Institutional targets for indirect assessment of general education curriculum: The campus has spent the first two years of developing the assessment establishing baseline data for survey questions within CCSSE that reflect student perception of the general education curriculum. The College is administering the full CCSSE survey in Spring 2018. Along with the baseline data, this should provide some strong indications of student perception of learning in the general education requirements.
|Table 1.2 Institutional Target—Indirect Assessment of General Education Curriculum|
|Indirect Assessment of|
Student Learning Outcomes
Survey results from CCSSE question(s):
"How much has your experience at this college contributed to your knowledge, skills, and personal development in the following areas?"
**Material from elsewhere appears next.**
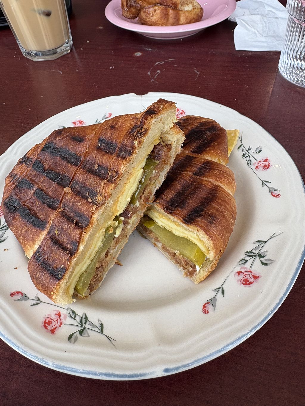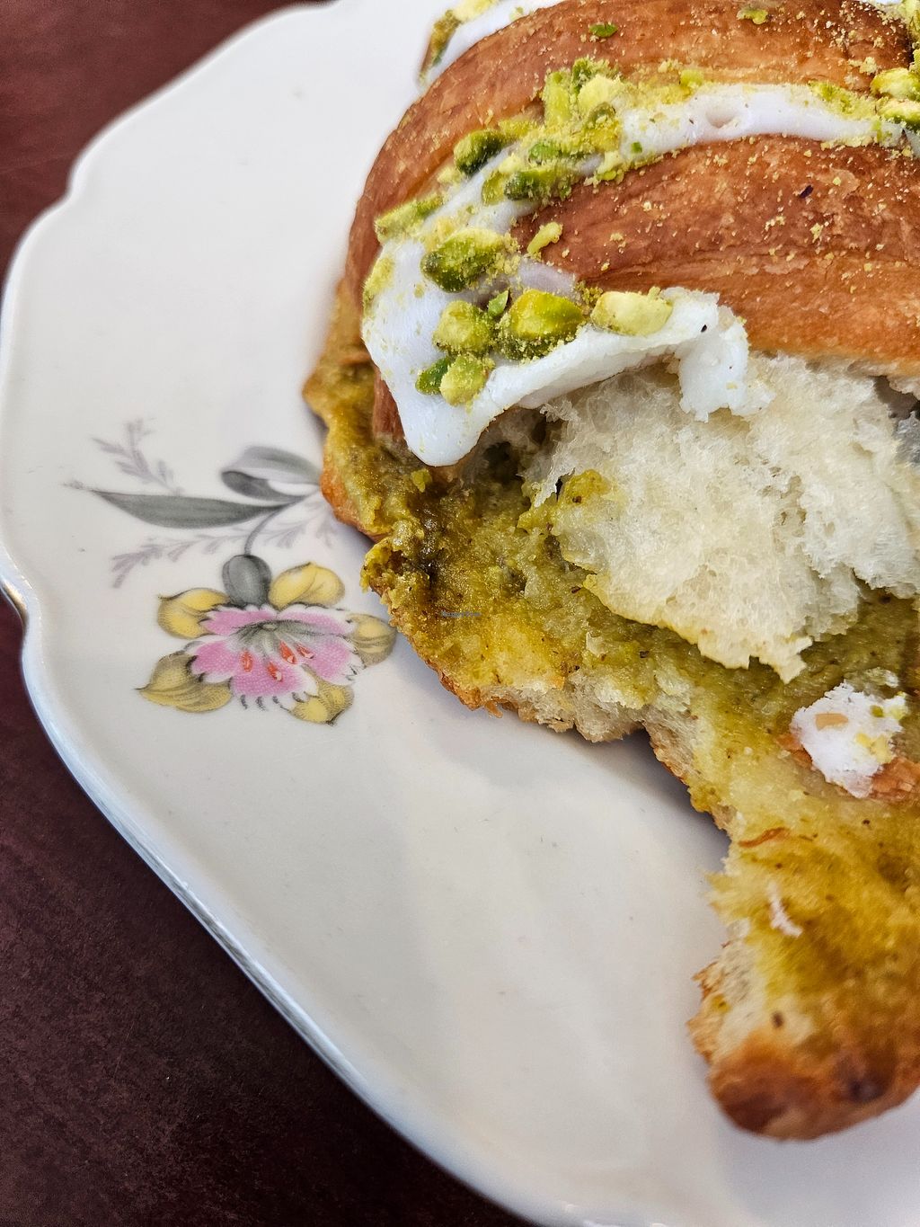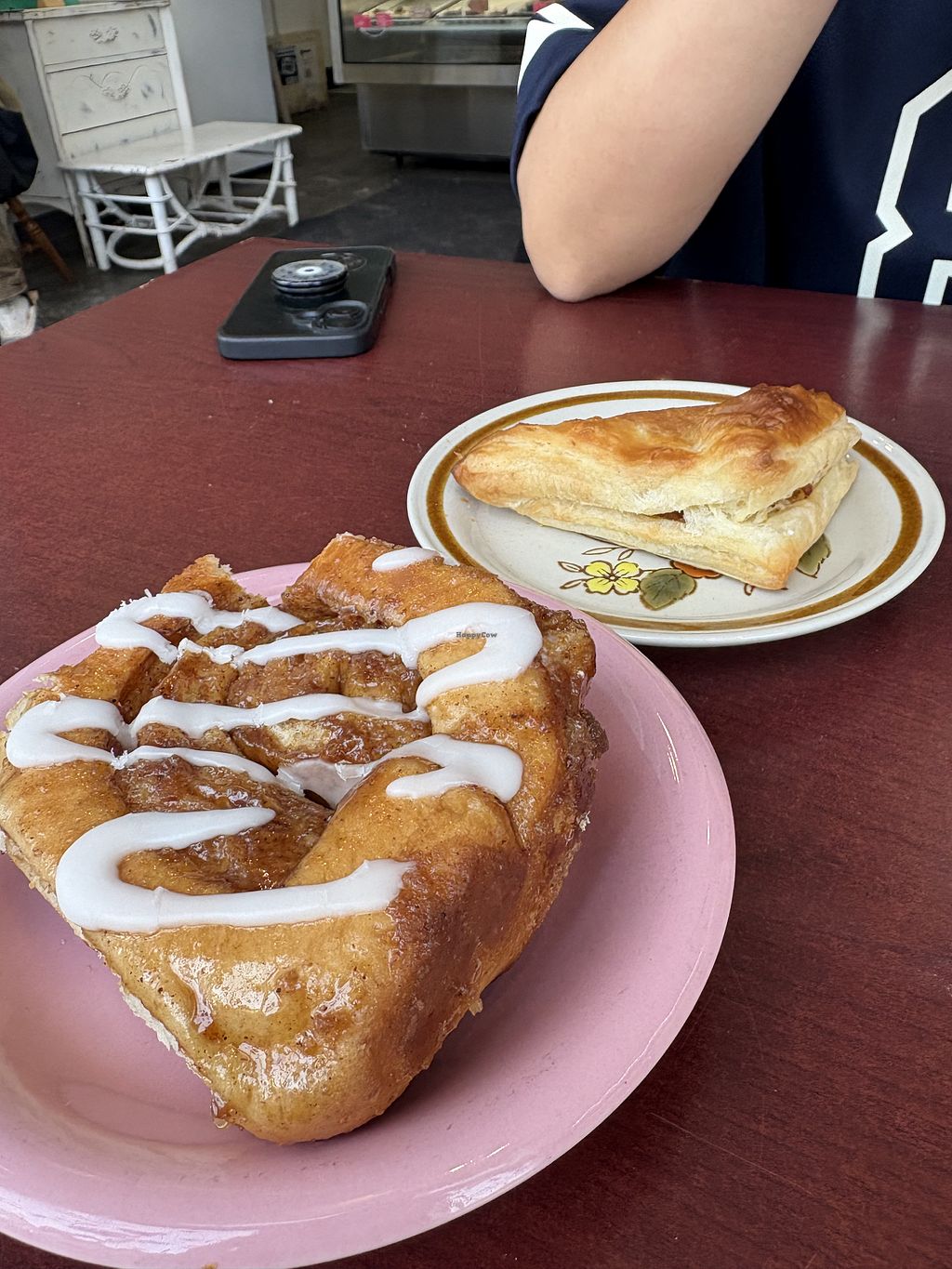 Close-up of the almond croissant (tore slightly when I picked it up, w…

- Acquiring a broad general education
- Writing clearly and effectively
- Speaking clearly and effectively
- Thinking critically and analytically
- Solving numerical problems
- Using computing and information technology
- Working effectively with others
- Understanding people of other racial and ethnic backgrounds
National 50th percentile of community college students responding to CCSSE questions
Interpretation of results and insights gained
In this second year of data submission for general education outcomes, no general education courses chose student learning outcome number two—collaborate respectfully with others. Although there are several career and technical programs that assess this particular outcome, it does not appear to be an integral part of the general education curriculum and will need to be revisited by the faculty at the end of the three-year cycle of data collection. The other learning outcome receiving little assessment activity is outcome number eight—use current technology efficiently and responsibly. Although technology is used throughout the College in multiple disciplines and coursework, it may be that it is used primarily as a tool for learning, and not as a learning outcome within the disciplines and coursework. As with learning outcome number two, the faculty will need to revisit outcome eight following completion of the three-year assessment cycle for the general education curriculum.
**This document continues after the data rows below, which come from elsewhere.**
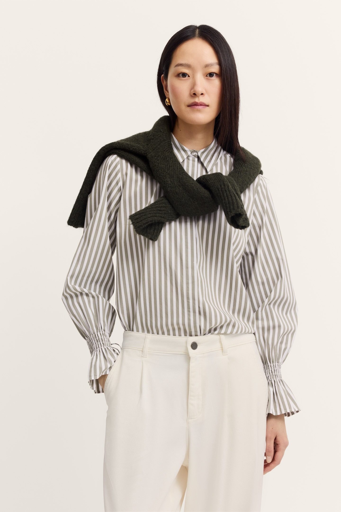Diese bugatti Freizeitbluse kombiniert feminine Details mit klassischer Lässigkeit und ist das perfekte Basic für deinen Alltag. Der normale Schnitt sorgt für eine bequeme Passform, die angenehm sitzt und dir Bewegungsfreiheit schenkt. Das feine Streifenmuster verleiht der Bluse eine zeitlos elegante Optik, die du vielseitig kombinieren kannst – ob zu Jeans, Chino oder Rock. Ein besonderes Highlight sind die gesmokten Details an den Manschetten, die dem Design eine dezente Verspieltheit verleihen und deinen Look individuell abrunden. Der klassische Hemdkragen bringt Struktur ins Outfit und sorgt für ein gepflegtes Erscheinungsbild, während die durchgehende Knopfleiste dir Flexibilität beim Styling bietet – offen getragen über einem Top oder geschlossen als Solo-Piece. Die Bluse ist aus reiner Baumwolle gefertigt, liegt weich auf deiner Haut und ist zugleich atmungsaktiv sowie pflegeleicht. Ob im Büro, beim Stadtbummel oder bei entspannten Freizeitmomenten – mit dieser Bluse bist du immer stilvoll angezogen. Wenn du Wert auf Qualität, Komfort und feine Details legst, ist diese bugatti Freizeitbluse genau die richtige Wahl für dich.
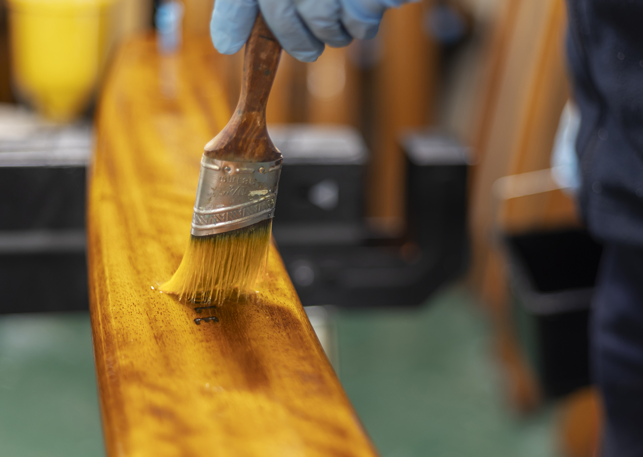 A close up look at the varnishing process.
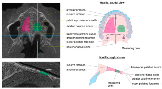 - Kildal, D.; Riether, T.; Blasenbrey, T.; Turhani, D.; Antoch, G.; Beer, M.; Geibel, M.-A. Thickness of the hard palate. Die Radiol. 2024, 64, 109–115. [Google Scholar] [CrossRef] [PubMed]
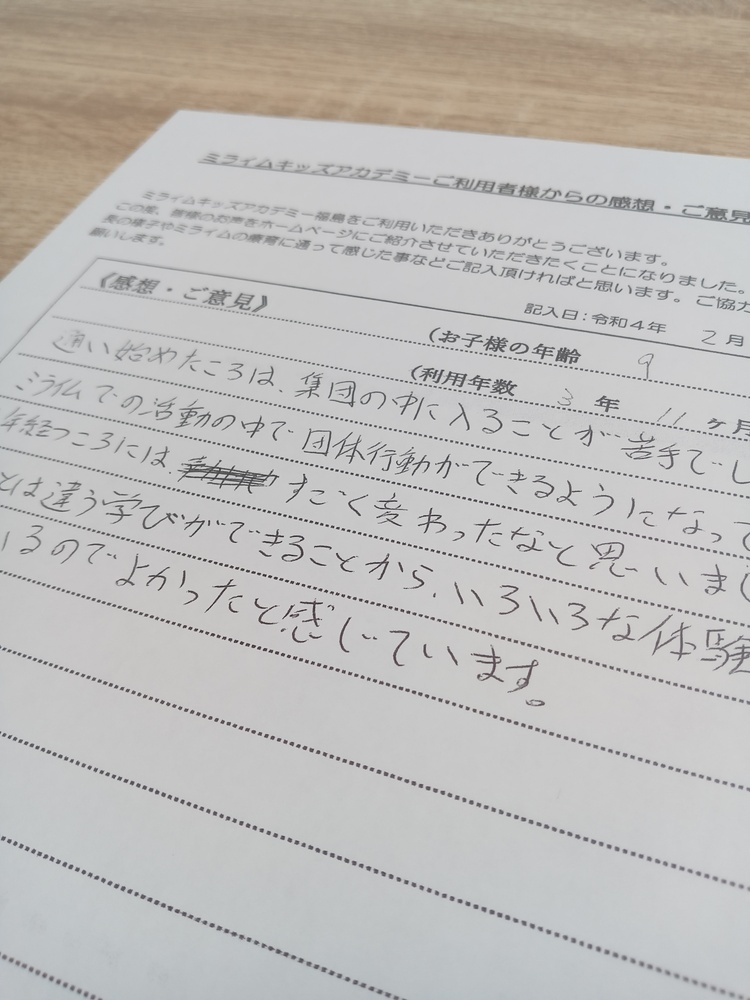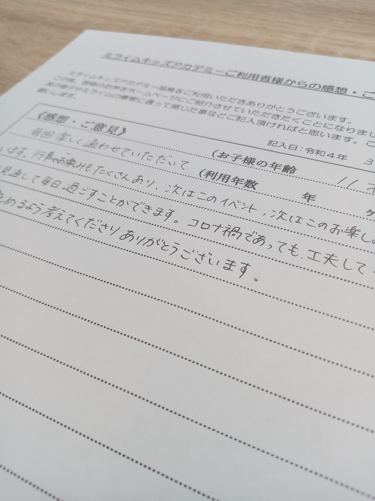 | 10:30〜 | おやつ、午前の活動(運動・学習・製作活動等) |
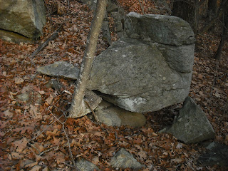 On the side of the steep hill overlooking the swamp, a rocky slope faces southwest. Near the bottom stands this propped boulder. The boulder and base have different textures and colors, indicating they weren't broken from one large boulder.
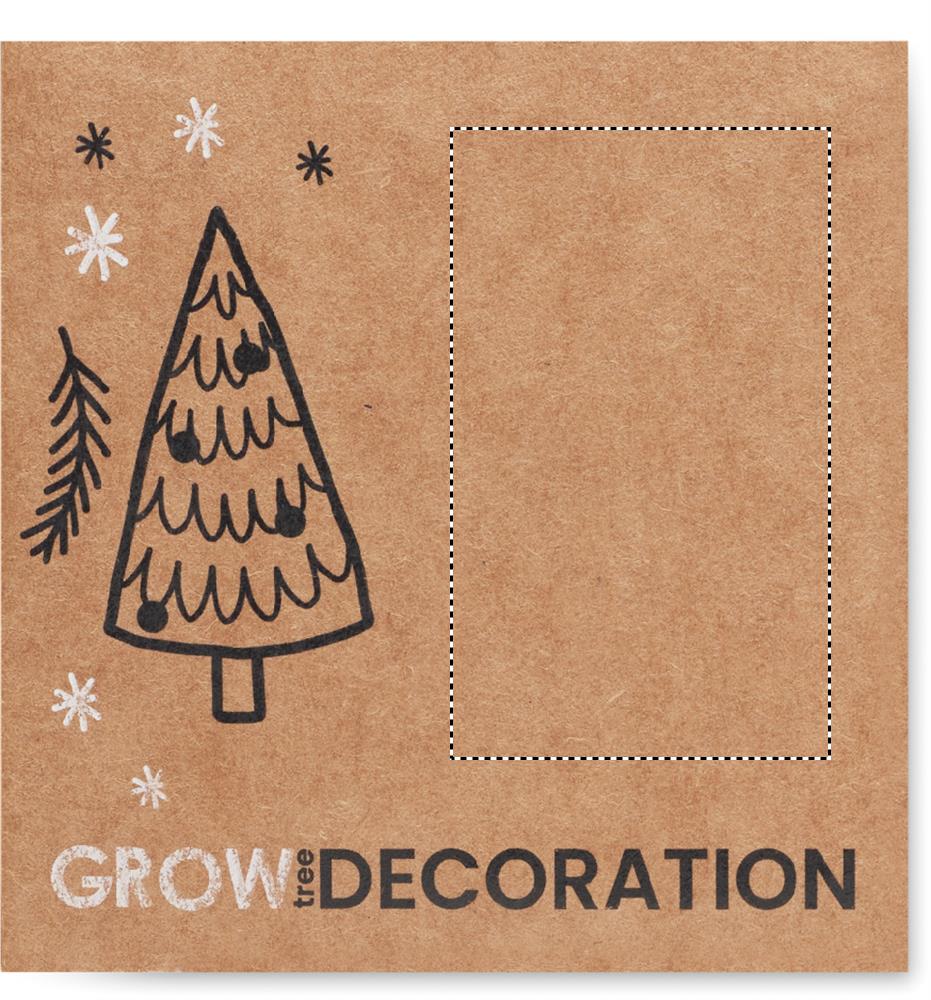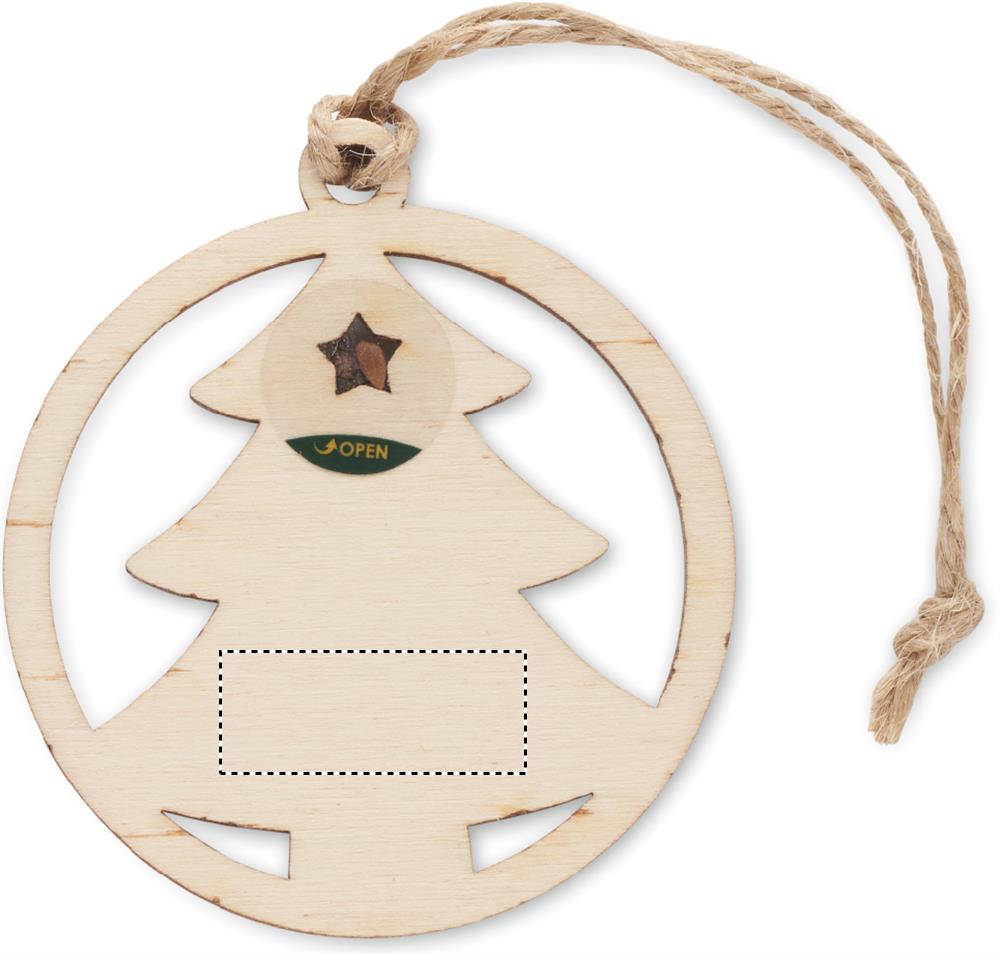 Dřevěná ozdoba ve tvaru stromku s jutovým provázkem a smrkovými semínky. V kraftové obálce. Vyrobeno v EU.

Overall mastery remains somewhat higher than expectations, but assessment instruments are still maturing after only two cycles of general education assessment. The Office of Outcomes Assessment has provided additional training and information on Bloom’s Cognitive Taxonomy as a way to discuss appropriate levels of assessment and how to approach writing assessment questions and assessment instruments. As the overall assessment measures mature over time, the results should shift more toward progressing as the prevailing measurement of student performance.